No regressions in phonolex_data tests. All 201 packages/data tests still pass after phonolex_generators is added to the workspace.

Open implementation questions¶

These survive from the PHON-95 ticket description and the FINDINGS memo. v1 ships with the v1 column; the v2 column tracks where the empirical decision lands.

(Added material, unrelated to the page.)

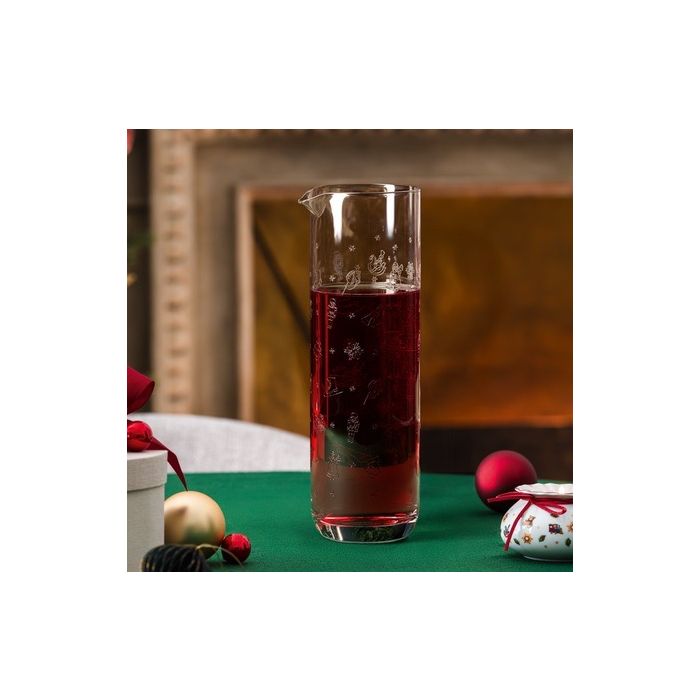 Breng een vleugje kerstmagie naar je feesttafel met de Toy's Delight waterkaraf van Villeroy & Boch. Deze stijlvolle karaf is vervaardigd uit hoogwaardig kristalglas en versierd met speelse, klassieke kerstmotieven zoals hulstblaadjes, sterren en speelgoedfiguren. Het vrolijke ontwerp maakt van elk drankje een feestelijk moment, of je nu water, sap of een winterse punch serveert.

#	Question	v1 default	v2 deferred
1	Per-slot tag data shape: boolean PMI ≥ 0 admit, or continuous α·ppmi logit bias, or both?	Boolean admit. Probe outputs were already selectionally appropriate from boolean filter alone.	Continuous, gated by a measurable failure mode (e.g., a seed where boolean admits but PMI ≈ 0 produces a low-quality output).
2	Editor scaling 5–7 → 10–15 tokens — does the joint-mask + best-of-N trajectory dynamic survive longer sentences?	Locked at 5–7 tokens (the CFG only emits NP V NP).	New CFG productions for adverbial phrases / subordinate clauses + a length-stratified probe before commit.
3	Subject-verb agreement / morphology — probe output had `the cold melt the snow` (should be `melts`).	Accept and document. v1 is research-grade; downstream morph-check is a separate filter.	Either a downstream morph-check pass OR enrich the trie with morphological variants tagged to verb/agreement context.
4	Diversity at scale — best-of-8 yielded 1–4 unique outputs per seed. Production may need 10–20 distinct outputs.	Ship best-of-8. Document the diversity ceiling.	Beam search vs MCTS vs more trajectories; needs a diversity metric (BLEU? edit distance?).
5	Coherence-signal robustness — joint-mask PLL passes the headline sanity test. Wider N=50–100 well-formed-vs-degenerate pair test should harden it.	Use validated probe seeds as the gate.	Wider sanity probe + LLM-as-judge backup if PLL ranks degenerate above well-formed in any case.
6	Editor fine-tuning on PhonoLex CDS substrate (PHON-86/87) — RoBERTa-large is pre-trained on adult web text; child-directed registers may produce off-distribution outputs.	Use stock RoBERTa-large.	Fine-tune candidate v2 work; gated by `band="childes_*"` outputs being qualitatively bad.

Plan handoff¶

Successor plan should cover: 1. Workspace bootstrap — packages/generators/pyproject.toml, root pyproject workspace entry, editable install verification. 2. Lift probe_sampled_iterative.py into phonolex_generators.editor.mlm_iterative_editor with tests. 3. Implement phonolex_generators.cfg_seed.argstruc_enumerator against WordStore + selectional.parquet. 4. Implement phonolex_generators.scorer.joint_mask_pll. 5. Acceptance test against the 5 PHON-64 v2 seeds (gold output from sampled_locked_dedup_output.txt on research/phon-92-selectional-preference-spike @ 5cae898). 6. Reproducible run script under packages/generation/research/2026-05-07-phon-95-editor/. 7. Documentation: README in packages/generators/, CLAUDE.md update naming the new package alongside phonolex_data / phonolex_governors. 8. Open follow-up tickets for OQ1–OQ6 with the failure-mode triggers each one would respond to.

Estimated effort: 3–5 working sessions. The probe is functionally complete; PHON-95 is mostly module-extraction + test-coverage + integration with PHON-93/94 artifacts. No empirical risk on the architecture itself.